The initial DNA bubble-duplex construct used and the RNA products obtained. The structure and sequence of the RNA primer and the DNA bubble-duplex construct used in this work are shown. The direction of synthesis is indicated by an arrow. On addition of RNA polymerase and Mg2+/NTPs, three different transcription products are obtained. Product 1 corresponds to a partially hybridized RNA transcript, Product 2 to a fully hybridized transcript, and Product 3 to a fully released transcript (see text).

Figure 2.

Figure 2

RNA primer exchange is induced by holo E. coli RNA polymerase. As indicated at the top of each lane, RNA–DNA bubble- duplex constructs were incubated with buffer (lanes 1 and 2) or with either the holo (lanes 3–5) or core (lanes 6–8) forms of E. coli RNA polymerase in the presence or absence of NTPs and of an RNA trap, and the products obtained were resolved by nondenaturing gel electrophoresis (see Materials and Methods). The band positions of the RNA primer and of RNA Products 1, 2, and 3 are indicated on the right side of the gel.

This gel assay was used in the present study to compare the elongation activity of core and holo RNA polymerase on binding to the RNA–DNA bubble duplex (Fig. 2). Comparison of lane 5 (core RNA polymerase) to lane 8 (holo RNA polymerase) suggests that the substitution of holo E. coli RNA polymerase for core results in no detectable difference in the types and relative amounts of RNA products obtained, meaning that the holo and core forms of polymerase respond to the presence of the RNA oligomer trap in a qualitatively similar fashion. In addition, analysis of the transcribed RNA on a denaturing PAGE gel also revealed no difference between the types of transcripts obtained with the holo and the core enzyme (data not shown). The major difference observed in the products of the reactions catalyzed by the two forms of the polymerase is that a significantly smaller amount of total RNA primer is extended by the holoenzyme, relative to the amount extended by the core polymerase (compare lanes 8 and 5 of Fig. 2), despite the fact that equivalent initial polymerase concentrations were used in the two reactions. This activity variation could reflect a different binding affinity of the two forms of the enzyme to the RNA–DNA bubble duplex. However, a careful examination of Fig. 2 suggests an alternate explanation.

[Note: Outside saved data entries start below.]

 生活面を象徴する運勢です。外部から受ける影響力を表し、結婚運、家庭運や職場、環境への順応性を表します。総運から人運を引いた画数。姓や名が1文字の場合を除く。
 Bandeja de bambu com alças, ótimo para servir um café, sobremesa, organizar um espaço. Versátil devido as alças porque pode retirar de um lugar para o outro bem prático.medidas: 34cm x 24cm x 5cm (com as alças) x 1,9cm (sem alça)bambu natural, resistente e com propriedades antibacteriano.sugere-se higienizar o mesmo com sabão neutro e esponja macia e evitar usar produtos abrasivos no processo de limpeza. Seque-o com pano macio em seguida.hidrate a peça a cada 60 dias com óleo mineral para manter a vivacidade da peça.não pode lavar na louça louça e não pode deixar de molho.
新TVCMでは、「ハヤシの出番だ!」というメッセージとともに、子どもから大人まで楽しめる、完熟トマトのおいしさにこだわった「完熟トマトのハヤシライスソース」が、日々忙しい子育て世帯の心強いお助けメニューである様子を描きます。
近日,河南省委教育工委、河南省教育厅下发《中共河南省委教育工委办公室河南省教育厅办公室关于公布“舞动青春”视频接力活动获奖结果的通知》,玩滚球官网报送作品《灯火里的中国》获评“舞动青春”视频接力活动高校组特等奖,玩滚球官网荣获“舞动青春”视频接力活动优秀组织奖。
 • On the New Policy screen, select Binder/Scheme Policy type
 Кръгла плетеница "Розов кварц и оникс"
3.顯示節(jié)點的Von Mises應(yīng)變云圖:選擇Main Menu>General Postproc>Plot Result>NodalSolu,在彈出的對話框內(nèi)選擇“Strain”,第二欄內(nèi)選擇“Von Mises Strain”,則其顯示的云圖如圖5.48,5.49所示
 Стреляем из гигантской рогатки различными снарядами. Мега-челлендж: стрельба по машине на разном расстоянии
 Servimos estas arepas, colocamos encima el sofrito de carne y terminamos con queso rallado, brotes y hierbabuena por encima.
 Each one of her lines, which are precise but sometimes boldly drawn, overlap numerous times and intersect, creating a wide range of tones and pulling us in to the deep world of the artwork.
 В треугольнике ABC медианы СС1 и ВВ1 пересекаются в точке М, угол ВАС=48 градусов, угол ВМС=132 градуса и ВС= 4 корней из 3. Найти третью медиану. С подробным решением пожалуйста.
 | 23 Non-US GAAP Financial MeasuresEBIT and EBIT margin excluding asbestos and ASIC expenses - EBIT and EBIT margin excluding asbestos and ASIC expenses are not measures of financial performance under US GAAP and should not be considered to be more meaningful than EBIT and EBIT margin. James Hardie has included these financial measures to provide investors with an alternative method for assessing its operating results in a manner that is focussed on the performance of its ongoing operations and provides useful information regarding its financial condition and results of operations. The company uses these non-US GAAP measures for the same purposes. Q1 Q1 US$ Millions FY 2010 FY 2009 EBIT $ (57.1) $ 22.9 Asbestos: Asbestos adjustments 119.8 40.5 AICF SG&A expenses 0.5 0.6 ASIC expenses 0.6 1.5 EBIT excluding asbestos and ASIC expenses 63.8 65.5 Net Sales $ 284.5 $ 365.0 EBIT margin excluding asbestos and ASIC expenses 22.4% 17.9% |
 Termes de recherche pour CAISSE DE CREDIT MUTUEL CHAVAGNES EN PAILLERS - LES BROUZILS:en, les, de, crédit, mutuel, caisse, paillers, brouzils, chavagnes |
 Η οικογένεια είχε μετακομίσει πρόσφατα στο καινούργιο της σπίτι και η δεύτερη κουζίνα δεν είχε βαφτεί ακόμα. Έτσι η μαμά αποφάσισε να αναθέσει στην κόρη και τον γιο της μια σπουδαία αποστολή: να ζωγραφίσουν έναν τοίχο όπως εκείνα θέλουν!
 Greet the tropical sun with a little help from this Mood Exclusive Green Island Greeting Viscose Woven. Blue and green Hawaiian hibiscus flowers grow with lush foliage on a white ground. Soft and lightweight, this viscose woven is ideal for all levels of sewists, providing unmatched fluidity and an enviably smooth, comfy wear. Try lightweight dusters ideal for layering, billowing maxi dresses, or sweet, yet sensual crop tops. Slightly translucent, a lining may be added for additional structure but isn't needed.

We note that incubation of the RNA “trap oligomer” with primed RNA–DNA bubble duplex in the absence of polymerase leads to exchange between the unlabeled trap oligomer and the initially bound (labeled) RNA primer, as manifested by an increase in the amount of free labeled RNA primer observed in the reaction mix in the presence of the unlabeled trap primer (compare the intensities of the free primer bands in lanes 1 and 2 of Fig. 2). The same extent of exchange was observed when core RNA polymerase was incubated with the primed bubble duplex and the RNA trap in the absence of NTPs (compare the free labeled primer bands in lanes 2 and 4 of Fig. 2). On the other hand, incubation with holoenzyme resulted in a dramatic increase in the amount of labeled RNA primer released.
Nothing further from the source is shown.